2

I made an observation while patching a LIST in C* and hope somebody could give me a hint if there is a rational explanation for this (ignoring if the use case is actually valid).

Assume a simple table with only one primary key and one column of type list.

CREATE TABLE ks.tbl(col_primary varchar,varchar_list list<varchar>,PRIMARY KEY(col_primary)) ;

Adding to that table one row with a list of some entries in the table.

INSERT INTO ks.tbl (col_primary,varchar_list) VALUES ('0815',['OlencUIkqqlVOFPiwsoEJM','JamilUOHIOXTWuGp','AbdulvZaeQDJOdu','GoldaGugnVNnbdSBpRpd','BrennaVvYuDyERsKvVW','FletcherpkkCYpEBket','DaytonglCSvswZQTEj','EdTUkTShUerYcfiSvCIH','LandenLTThnmlAAULJwdNwAma','IsabellelrDcMFHsyBGT','ArielOhIcLglehg','BellrtifChchjMZ','EmelieDdlViBlHUPQbxyUC']);

And finally updating the row with the following entry.

UPDATE ks.tbl SET varchar_list[1]=null,varchar_list[0]='MEGGCJOFic',varchar_list=varchar_list+['nwbaGsGbcd'] WHERE col_primary='0815' IF EXISTS;

The expected output for the list is (and most of the time actually is)

['MEGGCJOFic', 'AbdulvZaeQDJOdu', 'GoldaGugnVNnbdSBpRpd', 'BrennaVvYuDyERsKvVW', 'FletcherpkkCYpEBket', 'DaytonglCSvswZQTEj', 'EdTUkTShUerYcfiSvCIH', 'LandenLTThnmlAAULJwdNwAma', 'IsabellelrDcMFHsyBGT', 'ArielOhIcLglehg', 'BellrtifChchjMZ', 'EmelieDdlViBlHUPQbxyUC', 'nwbaGsGbcd']

Now applying this to a setup with two datacenters (US, EU) and using a consistency level of LOCAL_ONE and using one datacenter for updating and the other for reading a surprising result being returned is:

 ['MEGGCJOFic', 'nwbaGsGbcd']

That's exactly the two elements which have changed. After some time the list resolves itself and the expected content is being returned.

But how would it be possible to get into such an intermediate state as described above? The same happens btw. if using MAPS instead of LIST. I do know how the data is physically being layed out for collections in C* but how would it be possible that one cluster only contains the updates but not the original data?

Horia
  • 2,942
  • 7
  • 14
smigfu
  • 855
  • 1
  • 6
  • 9

1 Answers1

4

It states how Cassandra (C*) actually works and its internal architecture. If you work with C* more and in the course of time you'll get to know more about it and its behavior. There are lots to explain but I'll mention some specific points and try to make it clear to you.

How C* stores data

How is data updated

The CAP Theorem

Cassandra and CAP

Cassandra is typically classified as an AP system, meaning that availability and partition tolerance are generally considered to be more important than consistency in Cassandra. But Cassandra can be tuned with replication factor and consistency level to also meet Consistency.

C* Eventual Consistency:

Eventual consistency is a consistency model used in distributed computing to achieve high availability that informally guarantees that, if no new updates are made to a given data item, eventually all accesses to that item will return the last updated value.

C* Consistency Level:

RF -> How many copies of data (row) will be kept. (How many servers or nodes will keep the same row/data).

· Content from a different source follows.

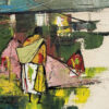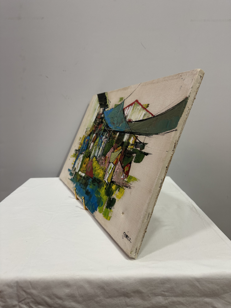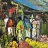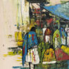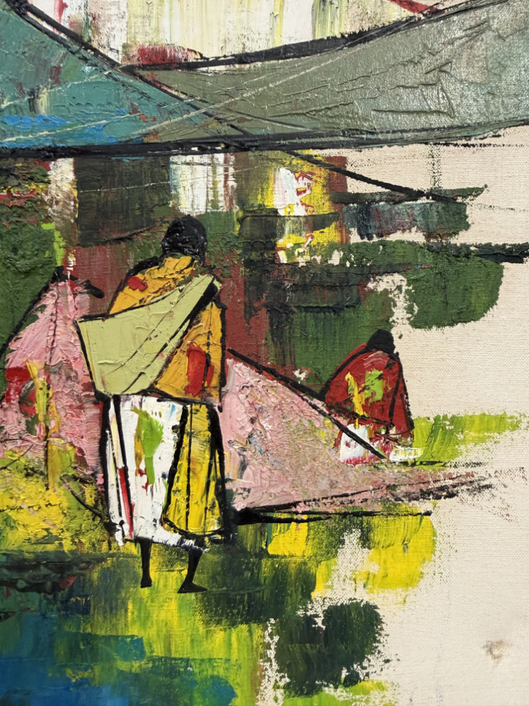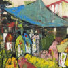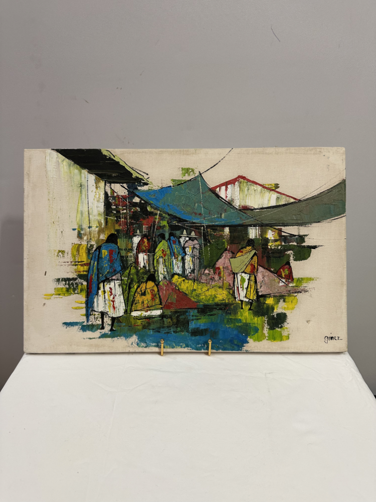 Das Werk zeigt eine belebte Marktszene mit Figuren in traditionellen Gewändern, die unter farbigen Zeltdächern agieren. Gomez’ Malstil kombiniert kräftige, klar abgegrenzte Farbflächen mit pastoser Struktur und rhythmischer Bewegung. Typisch für seine Werke dieser Zeit ist die expressive Verwendung von Blau-, Gelb-, Rot- und Grüntönen, die der Szene eine spürbare Lebendigkeit verleihen.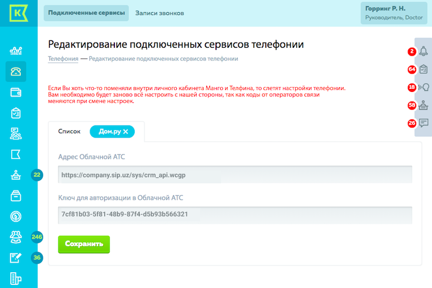 3. В настройках CRM зайдите в «Телефония» — «Подключенные сервисы». Нажмите «Добавить сервис» Введите адрес АТС и ключ для авторизации, нажмите «Сохранить».

CL -> Acknowledgement of how many nodes is required to let client know/inform that write/read operation is successful. That means at least numbers of nodes mentioned as CL (Ex: If CL is 2 at least 2 nodes) have to acknowledge/ensure that they have written the data successfully or the data is read from those replicas (wait until all the required replicas return the result to the coordinator node) and merge the results (keep the latest data if different nodes have different updates of same data) and successfully return results to the client.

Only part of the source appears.